Chapnews – Nasional – Menteri Agama Nasaruddin Umar secara resmi mengumumkan bahwa Hari Raya Idulfitri 1447 Hijriah atau Lebaran 2026 akan jatuh pada hari Sabtu, 21 Maret 2026. Penetapan tanggal penting ini disampaikan pada Kamis (19/3) malam, menyusul serangkaian Sidang Isbat yang krusial.
Dalam konferensi pers hasil Sidang Isbat, Menag Nasaruddin Umar menegaskan bahwa penetapan ini merupakan hasil dari perhitungan hisab yang cermat, ditambah dengan tidak adanya laporan penampakan hilal yang memenuhi kriteria. "Dengan demikian, berdasarkan hasil hisab serta tak adanya laporan hilal, disepakati bahwa 1 Syawal 1447 Hijriah jatuh pada hari Sabtu 21 Maret 2026," ujar Nasaruddin, menjelaskan dasar keputusan tersebut.

Indonesia, dalam penentuan awal bulan Hijriah, mengadopsi kriteria MABIMS (Menteri Agama Brunei Darussalam, Indonesia, Malaysia, Singapura), yang menetapkan tinggi hilal minimal 3 derajat dan sudut elongasi 6,4 derajat. Namun, berdasarkan pemantauan di seluruh Indonesia pada hari tersebut, ketinggian hilal terpantau antara 0 derajat 54 menit 27 detik hingga 3 derajat 7 menit 52 detik, dengan sudut elongasi 4 derajat 32 menit 42 detik hingga 6 derajat 6 menit 11 detik. Data hisab ini secara jelas menunjukkan bahwa posisi hilal tidak memenuhi standar visibilitas MABIMS.
Proses Sidang Isbat sendiri diawali dengan seminar mengenai posisi hilal, dilanjutkan dengan verifikasi laporan rukyatul hilal dari 117 titik pengamatan yang tersebar di seluruh Indonesia. Setelah itu, musyawarah dilakukan dengan melibatkan pakar falaq, astronomi, perwakilan rakyat, Majelis Ulama Indonesia (MUI), serta berbagai organisasi kemasyarakatan Islam.
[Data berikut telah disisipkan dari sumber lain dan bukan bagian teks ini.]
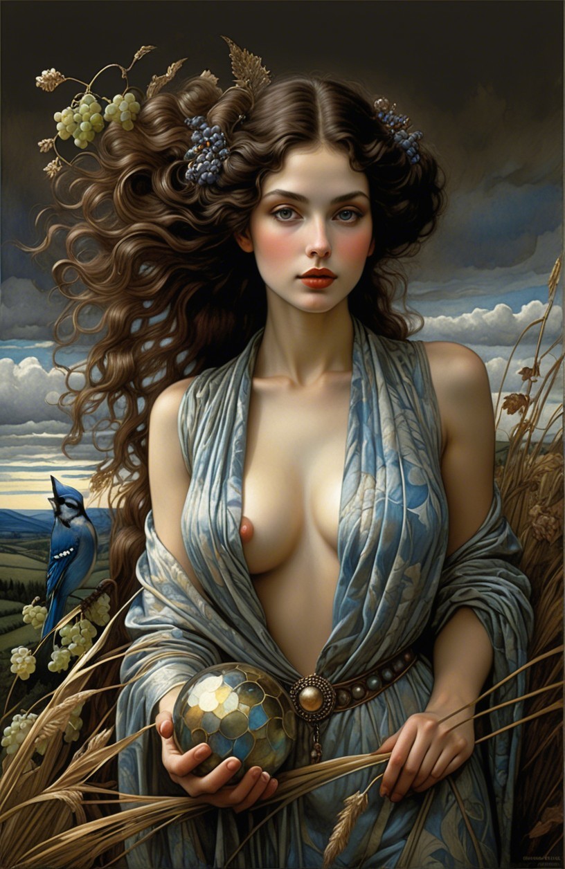 A serene woman in flowing, blue fabric holds an ornate globe and stands amidst nature. Gentle birds accompany her, set against a dramatic sky, evoking a sense of harmony and mystique.

Kehadiran berbagai pihak ini, termasuk dari Badan Riset dan Inovasi Nasional (BRIN), Badan Meteorologi, Klimatologi, dan Geofisika (BMKG), dan Planetarium Jakarta, menegaskan legitimasi dan akuntabilitas keputusan yang diambil.
Menteri Agama menjelaskan bahwa penyelenggaraan Sidang Isbat merupakan ikhtiar negara untuk memfasilitasi umat Islam dalam menentukan awal ibadah atau hari raya, memberikan ruang diskusi yang inklusif. Senada dengan itu, Direktur Jenderal Bimbingan Masyarakat Islam (Dirjen Bimas Islam), Abu Rokhmad, sebelumnya menekankan bahwa keputusan sidang isbat memiliki "legitimasi keagamaan yang kuat" karena melibatkan representasi yang luas dari berbagai unsur.
Perlu dicatat, penetapan pemerintah ini berbeda dengan Pimpinan Pusat Muhammadiyah yang sebelumnya telah memutuskan Hari Raya Idulfitri 1447 Hijriah jatuh pada Jumat, 20 Maret 2026. Keputusan Muhammadiyah ini tertuang dalam Maklumat Nomor 2/MLM/1.0/E/2025, yang didasarkan pada metode hisab hakiki wujudul hilal. Perbedaan ini menunjukkan keragaman metode penetapan awal bulan Hijriah di Indonesia, namun Sidang Isbat tetap menjadi forum resmi pemerintah untuk mencapai kesepakatan bersama.